* [What is required]
Pictures stay out of this copy; please retype only the lines from the start of the records through the line with "The image depicts".

* [Exercise inputs]
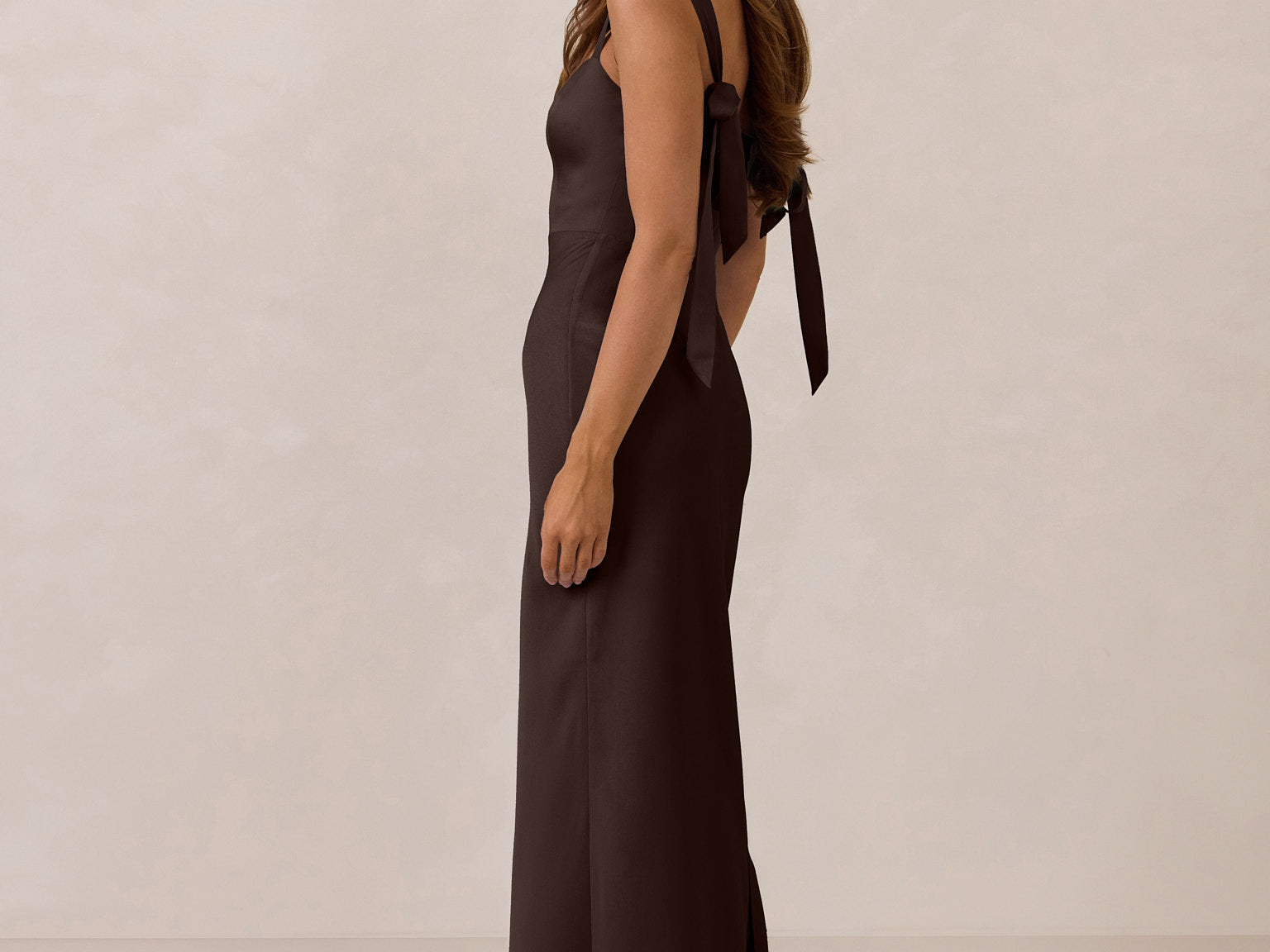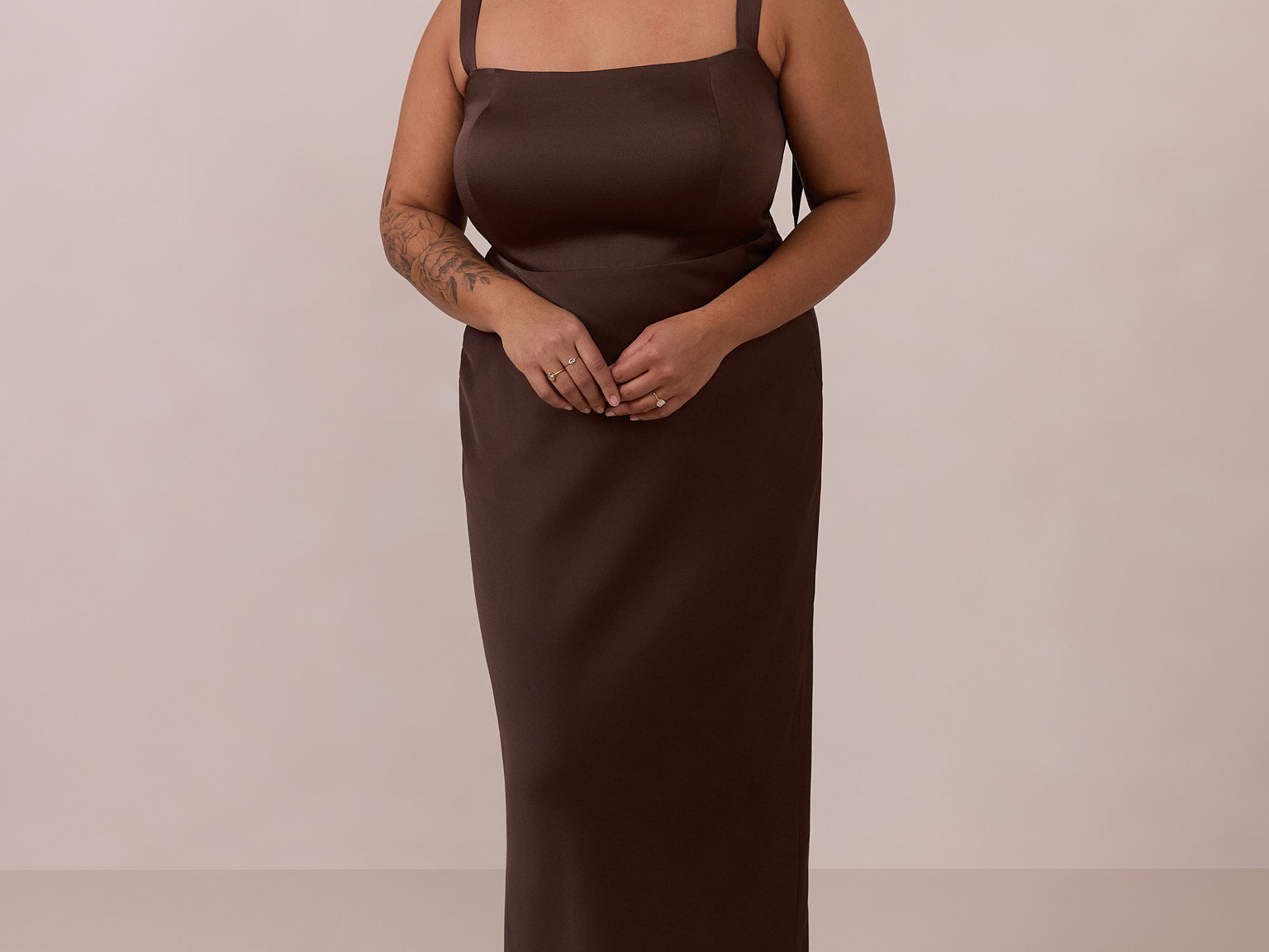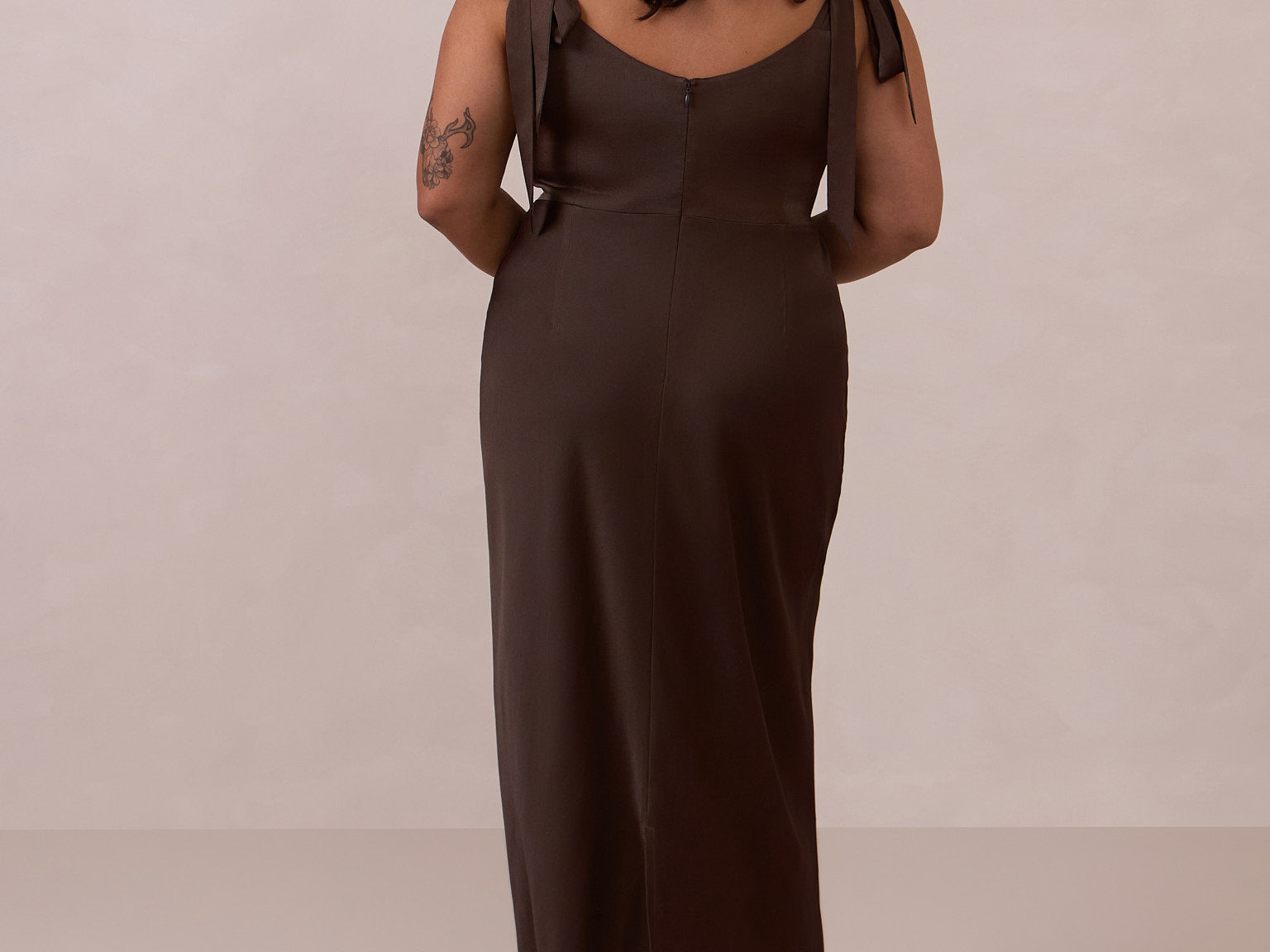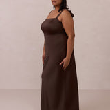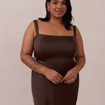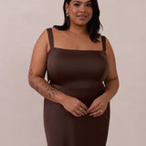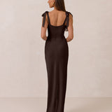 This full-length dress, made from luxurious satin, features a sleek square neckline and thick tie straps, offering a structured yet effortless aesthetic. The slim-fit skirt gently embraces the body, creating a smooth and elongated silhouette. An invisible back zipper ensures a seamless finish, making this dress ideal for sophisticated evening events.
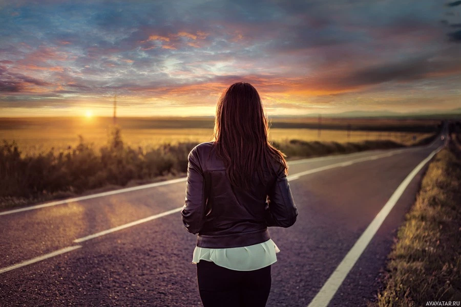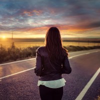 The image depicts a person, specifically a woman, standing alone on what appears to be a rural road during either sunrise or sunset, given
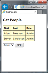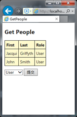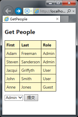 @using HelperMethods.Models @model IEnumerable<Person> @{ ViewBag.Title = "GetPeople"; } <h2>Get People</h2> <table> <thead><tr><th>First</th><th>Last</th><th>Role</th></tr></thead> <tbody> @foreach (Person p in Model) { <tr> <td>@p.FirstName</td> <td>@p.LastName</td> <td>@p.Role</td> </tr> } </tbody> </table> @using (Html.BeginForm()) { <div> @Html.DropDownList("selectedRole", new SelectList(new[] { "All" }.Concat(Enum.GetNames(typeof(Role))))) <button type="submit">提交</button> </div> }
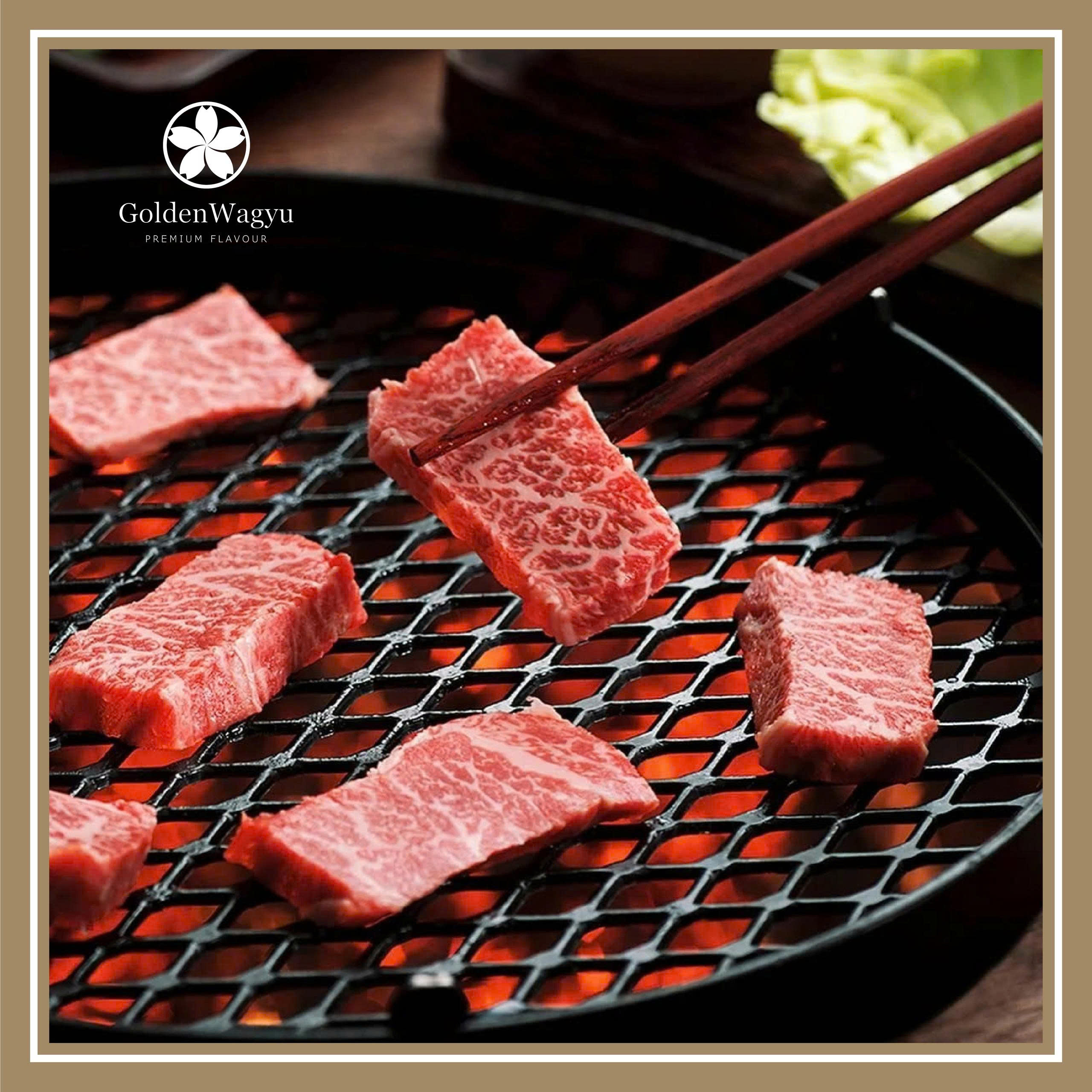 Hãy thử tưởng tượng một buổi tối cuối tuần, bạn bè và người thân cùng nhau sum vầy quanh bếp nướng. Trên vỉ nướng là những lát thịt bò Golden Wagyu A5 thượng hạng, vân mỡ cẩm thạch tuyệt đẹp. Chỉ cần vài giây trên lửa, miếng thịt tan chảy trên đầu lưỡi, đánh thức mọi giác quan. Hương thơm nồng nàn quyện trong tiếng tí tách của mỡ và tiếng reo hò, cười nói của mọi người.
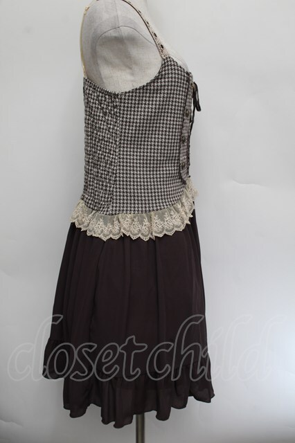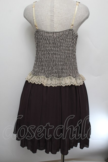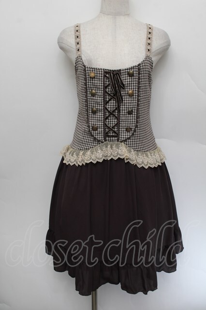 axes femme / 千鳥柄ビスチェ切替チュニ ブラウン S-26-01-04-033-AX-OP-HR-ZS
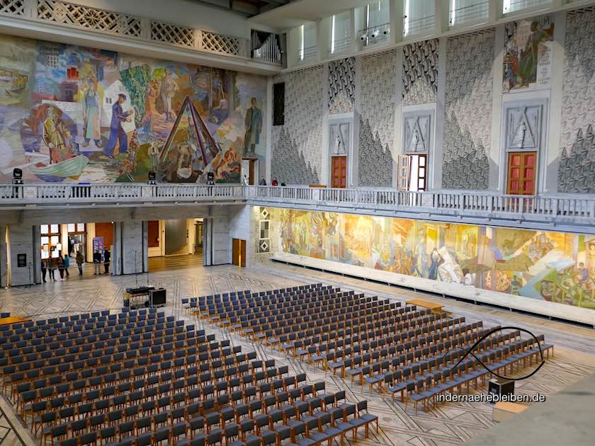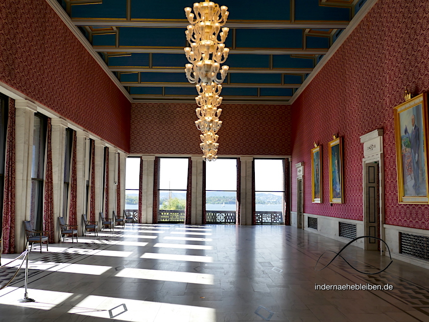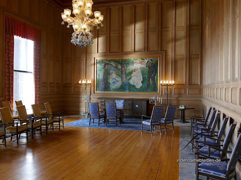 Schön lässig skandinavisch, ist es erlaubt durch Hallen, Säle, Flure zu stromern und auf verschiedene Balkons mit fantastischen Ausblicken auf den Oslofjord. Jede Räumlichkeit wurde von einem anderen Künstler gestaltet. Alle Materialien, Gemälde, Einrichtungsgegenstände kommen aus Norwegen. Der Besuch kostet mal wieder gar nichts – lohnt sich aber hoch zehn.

* [Response area]
 This full-length dress, made from luxurious satin, features a sleek square neckline and thick tie straps, offering a structured yet effortless aesthetic. The slim-fit skirt gently embraces the body, creating a smooth and elongated silhouette. An invisible back zipper ensures a seamless finish, making this dress ideal for sophisticated evening events.
 The image depicts a person, specifically a woman, standing alone on what appears to be a rural road during either sunrise or sunset, given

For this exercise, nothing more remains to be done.